This bug was initially created as a copy of Bug #1420861 I am copying this bug because: We have several customers willing to use this feature in OSP13 (Long Life). Since this feature mainly depends on ceph-ansible and the version shipped in OSP13 is supporting it, the RFE should be testonly. This RFE Bugzilla has been created in order to track decisions and developments relating to a request for the ability to deploy second tier Ceph storage for OpenStack Platform, through OSP director.

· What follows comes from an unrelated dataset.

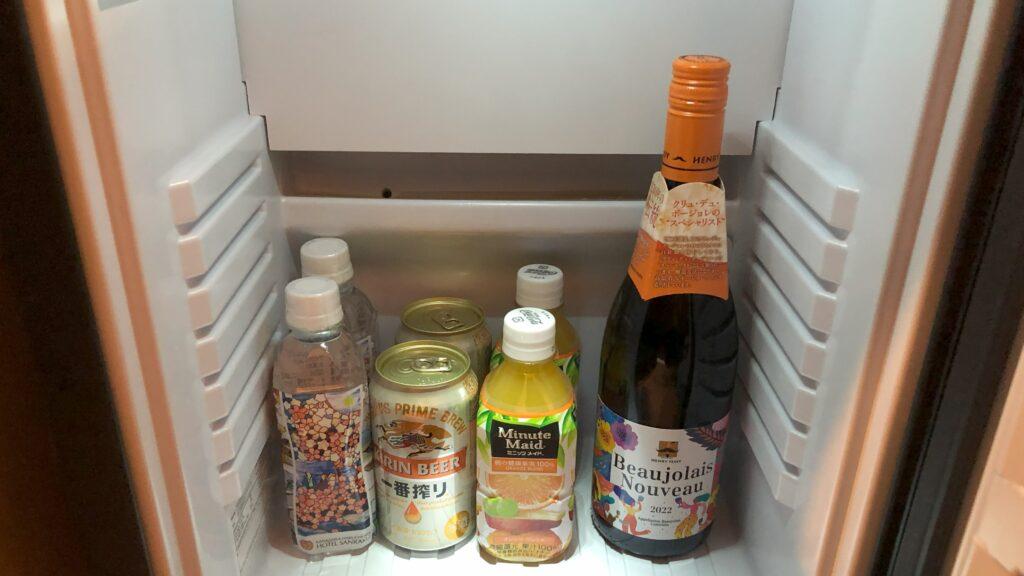 コーヒーメーカーはUCCのドリップポッドが用意されており、美味しく頂きました。冷蔵庫の中の飲み物はすべて無料で、加賀棒茶のペットボトルもサイドポケットにあり、バランスよく配慮されていました。

The necessary code changes for puppet-tripleo and tripleo-heat-templates landed in OSP13 already, as per BZ #1309550 Tiering of the Ceph pools can also be configured after the overcloud deployment using device classes; for example, assuming operators use the tripleo parameter "CinderRbdExtraPools", as per [1] to create an additional "tier2" pool, it can be later assigned to a specific (ssd) device classe with: # ceph osd crush rule create-replicated faster default host ssd # ceph osd pool set tier2 crush_rule faster I think the only piece missing for OSP13 would be to backport the docs; what was added in OSP14 via BZ #1654792 should be added in OSP13 docs as well, docs change tracked by BZ #1671061 1. https://access.redhat.com/documentation/en-us/red_hat_openstack_platform/14/html-single/deploying_an_overcloud_with_containerized_red_hat_ceph/index#proc_ceph-configuring-block-storage-use-new-pool-assembly_ceph-second-tier-storage
According to our records, this should be resolved by openstack-tripleo-heat-templates-8.3.1-18.el7ost. This build is available now.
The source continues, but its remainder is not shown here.